BİK Genel Müdürü Erkılınç, Konya'da basın çalışanlarıyla bir araya geldi!
Konya'daki basın çalışanları için 'İstatistik Okuryazarlığı ve Haberciliği' eğitim programı düzenlendi. Düzenlenen programın sertifika törenine katılan BİK Genel Müdürü Cavit Erkılınç, dikkat çeken açıklamalarda bulundu.
Basın İlan Kurumu (BİK) ile Türkiye İstatistik Kurumu (TÜİK) arasında imzalanan iş birliği protokolü çerçevesinde Konya’daki basın çalışanları için ‘İstatistik Okuryazarlığı ve Haberciliği’ eğitim programı düzenlendi. Düzenlen programın sertifika törenine katılan BİK Genel Müdürü Cavit Erkılınç, iki kurum arasındaki önemli iş birliğiyle çoğunluğu genç ve mesleki anlamda yolun başında denilebilecek 33 muhabir ve editörün eğitim aldığını söyledi.
“YARIM HEKİM CANDAN, YARIM HOCA DİNDEN EDER”
BİK Genel Müdürü Cavit Erkılınç’ın söylemleri şu yönde: “Dünyanın her yerinde stratejik önemi bulunan basın mecralarında, ‘yarım hekim candan, yarım hoca dinden eder’ atasözünü teyit edecek şekilde görevlerini eksik yapan ‘yarım gazetecilerin’ ve ürettikleri yanlış haberlerin nelere mâl olabileceğine gelin hep birlikte kafa yoralım.
Ekonomi gazetecisi olacaksanız veya kendinizi bu alanda geliştirecekseniz istatistik verilerine nereden ulaşılacağını, nasıl okunacağını ve okur yani halk için neyin önemli olduğunu mutlaka bilmek zorundasınız. Araştırmacı veya soruşturmacı bir gazetecinin de ortalama istatistik okuması yapabilecek mesleki seviyeye erişmesi gerekmektedir.
İstatistik sayesinde iki üç sayfada anlatacağınız konuları bir tabloda anlatmak mümkün olduğu gibi sayısal bilgiyle desteklenen içerikler düz metinlere göre çok daha kolay ve anlaşılır hale gelmektedir.
Bu bağlamda verilen eğitimi son derece kıymetli buluyor, yerelde haber konusu bulmakta güçlük çeken ve yaptıkları haberlerin etkisini artırmak isteyen gazetecilerimiz için önemli fırsatlar sunduğuna inanıyorum”
“HAKLARINIZA EN AZ BİZLER KADAR SAHİP ÇIKIN”
“Bugün 10 binin üzerinde fikir işçisi mevzuatımızdaki şartlar gereğince istihdam ediliyor.

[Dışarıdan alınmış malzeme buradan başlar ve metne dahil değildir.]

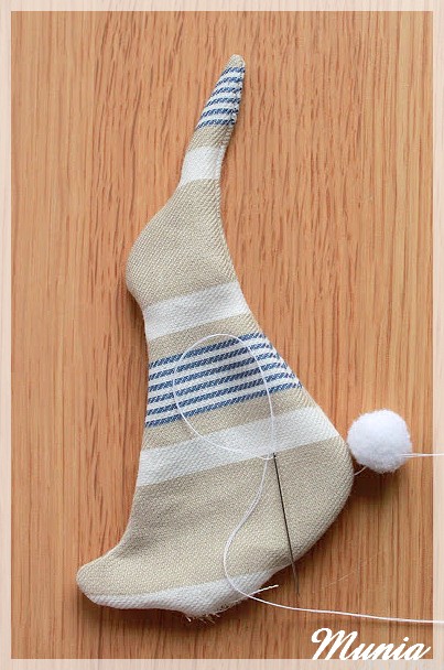 Teraz część dekoracyjna... Przewracam zajączka na prawą stronę i przyszywam ogonek. Wypycham całość watoliną począwszy od uszu. Zszywam ręcznie dół.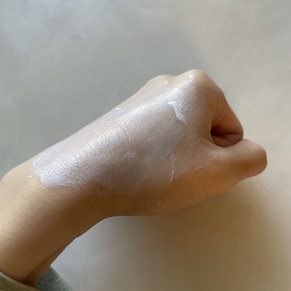 実際に手に乗せてみるのちょっと白っぽいかなと一瞬思うけど、伸ばすと綺麗な艶が! 自然な艶が上品にしてくれる最高な下地! 変性アルコールはエタノールに入るそうです もし気になる方がいたら絶対試した方がいいと思います!

Yayınlara verilen ekonomik destek sektörün bir anlamda ayakta durmasına katkı sunarken dolaylı olarak 40 bine yakın insanımız bu alanda kazandığı helal lokmayı evlerine götürüyor. Bundan dolayıdır ki mevzuatımızda yer alan asgari kadro şartını, basın kuruluşlarımızı zorlayan yasal bir düzenlemeden ziyade istihdamın güvencesi olarak görüyoruz.

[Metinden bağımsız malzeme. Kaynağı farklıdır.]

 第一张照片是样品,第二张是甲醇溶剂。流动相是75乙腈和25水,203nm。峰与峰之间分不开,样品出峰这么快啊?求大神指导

Bu düzenlemeler olmasa 2 kişi ile gazete çıkarmaya çalışanlar bile olacağından eminim. Çalışanların maaş ödemelerini ve sigortalarını benzer şekilde garanti altına almazsak sektörün yaşadığı sorunlara yenilerini de eklemiş oluruz. Sizler de bizim kadar haklarınıza sahip çıkmak zorundasınız.
Devlet, asgari ücreti tespit ederek, belirlediği miktarın altında maaş verilemeyeceğini söylüyor. Hala personelinin banka kartını cebinde taşıyan, bankaya yatırdığı üç kuruş paranın bir kısmını geri alıp maaşı eksik ödeyenler var.
Gece gündüz koşturduğu çalışanına hakkı olan izinleri kullandırtmayanlar var. Rica ediyorum, haklarınıza en az bizler kadar sizler de sahip çıkın. Daha önce söylediğim gibi belgeli, ispatlı olmak koşuluyla bizlere ihbarda bulunun, biz de sizlerle beraber hakkınızı arayalım.”